5. Other persons who are approved by the Central Committee, after deliberating upon their accession by the branch operation committee, if they wish to enter.

(D) On February 15, 2005, at the Seoul District Office of the Intervenor Association, the Intervenor Association re-accompetence of the members of the Intervenor Association, composed of the employees belonging to the Plaintiff Foundation, pursuant to the instant amendment provision, and the Intervenor Association Central Committee approved the participation of the Intervenor Association on March 2, 2005.

(2) Whether the intervenor union is a party to the application for remedy for unfair labor practice

(A) Whether to interpret the rules of the intervenor association and to allow the joining of the intervenor association as a member of the intervenor association are matters to be decided by the intervenor association with the authority to interpret the rules and make decisions thereof. However, this is limited to the case where the internal relationship between the intervenor association and the intervenor association is concerned with the third party, and it cannot be seen as identical to the case of external relationship between the intervenor union and the third party.

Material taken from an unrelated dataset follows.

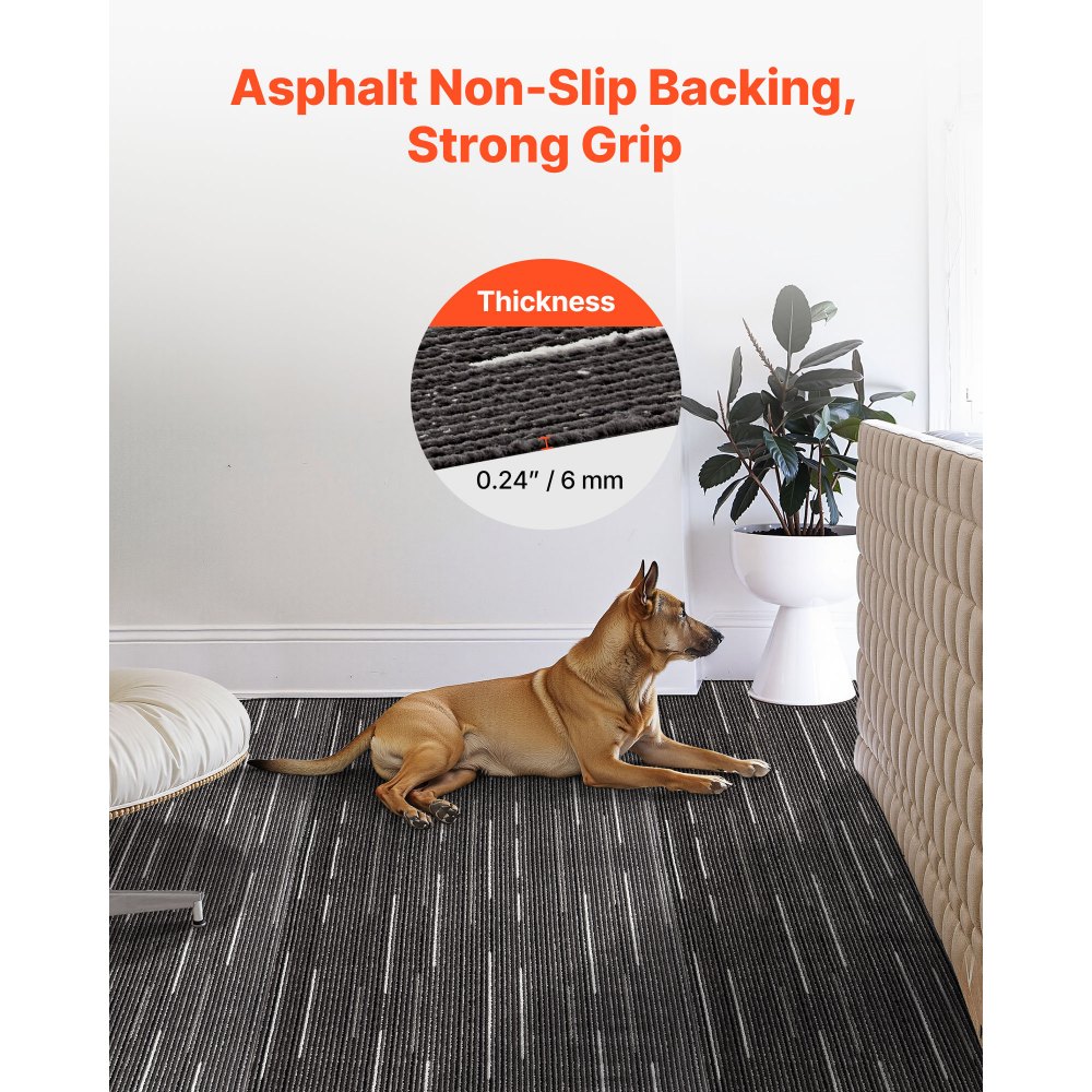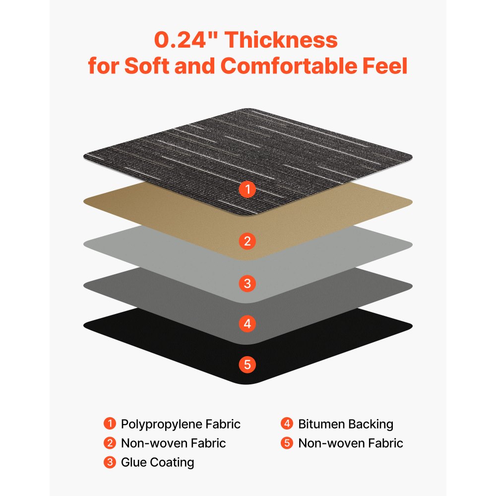 Σετ Αντικαταστάσιμων Πλακιδίων Χαλιού: Αυτό το πλήρες σετ περιλαμβάνει 24 πλακίδια χαλιού, διαστάσεων 24x24 ίντσες το καθένα. Όταν συναρμολογηθούν πλήρως, τα πλακίδια χαλιού καλύπτουν συνολική επιφάνεια 96 ft². Ο απλός σχεδιασμός χρήσης καθιστά την εγκατάσταση γρήγορη και εύκολη, ακόμη και ένα άτομο μπορεί να την κάνει. Αυτοκόλλητα τοποθέτησης που περιλαμβάνονται: Συνοδεύεται από 40 αυτοκόλλητα, δεν χρειάζεται επιπλέον κόλλα. Απλώς στερεώστε τις γωνίες και πιέστε προς τα κάτω. Γρήγορη, εύκολη και χωρίς ακαταστασία εγκατάσταση Μαλακό & Άνετο: Κάθε πλακίδιο διαθέτει κατασκευή 5 στρώσεων με στιβαρή επιφάνεια PP και πάχος 0,24 ίντσες. Η ασφαλτική επένδυση είναι αντιολισθητική και ανθεκτική στη φθορά, παρέχοντας μια απαλή, μαλακή αίσθηση κάτω από τα πόδια. Αντιολισθητική & Μακράς Διάρκειας: Σχεδιασμένα με ασφαλτική αντιολισθητική βάση, αυτά τα πλακάκια μοκέτας είναι κατασκευασμένα για σταθερότητα, αντοχή και αντοχή στην τριβή, ιδανικά για χώρους υψηλής κυκλοφορίας όπως γραφεία, διάδρομους ή χώρους ενοικίασης. Επαναχρησιμοποιήσιμα & Εύκολα στη Συντήρηση: Σε αντίθεση με τα χαλιά μεγάλων επιφανειών, αυτά τα τετράγωνα πλακάκια χαλιού μετακινούνται και αντικαθίστανται εύκολα. Απλώς αντικαταστήστε τα βρώμικα ή κατεστραμμένα πλακάκια. Εύκολο στον καθαρισμό, μακράς διαρκείας και σχεδιασμένο για επαναλαμβανόμενη χρήση.
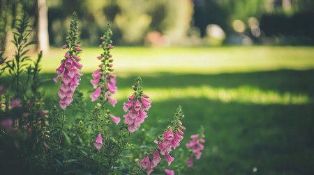 A stunning display of pink foxglove flowers stands tall in a lush green garden. The vibrant blooms create a serene and peaceful atmosphere, perfect for nature lovers.

Thus, in determining the validity of joining the intervenor association between the intervenor association and the third party, the objective meaning of the rules of the intervenor association in question should be reasonably interpreted reasonably through the language and text. If the objective meaning is not clearly expressed by the language and text, it should be reasonably interpreted in accordance with logical and empirical rules, and common sense so that the parties can comply with the ideology of social justice and equity, by comprehensively taking into account the contents of the language and text, the motive and developments leading up to the provision, the purpose and genuine intent to be achieved by the provision, etc.

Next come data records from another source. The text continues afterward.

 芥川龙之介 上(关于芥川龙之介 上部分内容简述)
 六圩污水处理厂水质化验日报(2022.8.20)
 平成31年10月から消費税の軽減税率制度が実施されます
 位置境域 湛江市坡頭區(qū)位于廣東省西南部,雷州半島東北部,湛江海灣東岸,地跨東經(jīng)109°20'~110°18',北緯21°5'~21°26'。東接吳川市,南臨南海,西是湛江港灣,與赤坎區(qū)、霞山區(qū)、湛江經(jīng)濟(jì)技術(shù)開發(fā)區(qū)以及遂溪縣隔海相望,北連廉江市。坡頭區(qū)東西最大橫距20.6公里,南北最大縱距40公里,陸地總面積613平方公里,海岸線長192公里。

(B) However, prior to the amendment, Article 2 provides that the employees belonging to the Plaintiff Foundation shall be organized, and the objective meaning of the language and text of the provision is clearly revealed. The Plaintiff Foundation’s objective business is not related to the metal industry as seen earlier, and it cannot be deemed that the employees belonging to the Plaintiff Foundation are qualified for membership. As such, in relation to the Plaintiff Foundation’s foundation, membership in the Intervenor’s association at the time of the amendment of the Rules before the amendment of its employees cannot be deemed effective (as for the Intervenor’s foundation’s organization, and the amendment of the Rules requires a special resolution by the affirmative votes of at least two thirds of the incumbent members (voting), and the employees belonging to the Plaintiff Foundation shall be deemed entitled to membership in the Intervenor’s association (Article 47 subparag. 1 of the Rules before the amendment), and it shall be deemed that there is no evidence that the Intervenor’s employees belonging to the Plaintiff Foundation were entitled to membership in the Intervenor’s association at the time of the amendment of the Rules, if there is a special resolution by the 20th of the Intervenor’s employees belonging to the Plaintiff Foundation.

(C) Therefore, on November 15, 2004, the Intervenor Union cannot be deemed to have been in the position or qualification to file a petition for remedy for unfair labor practice, since the employees belonging to the Plaintiff Foundation were not members of the Intervenor Union, even though the Intervenor Union filed a petition against the Plaintiff Foundation for remedy for unfair labor practice.

(3) Ultimately, the instant remedy is unlawful, without having to further examine the other allegations of the Plaintiff Foundation, that the instant remedy was lawful, even though it was illegal for the Intervenor’s association, as it was made by the Intervenor not entitled to the remedy.

3. Conclusion

Therefore, the plaintiff foundation's claim of this case is justified and it is decided as per Disposition by admitting it.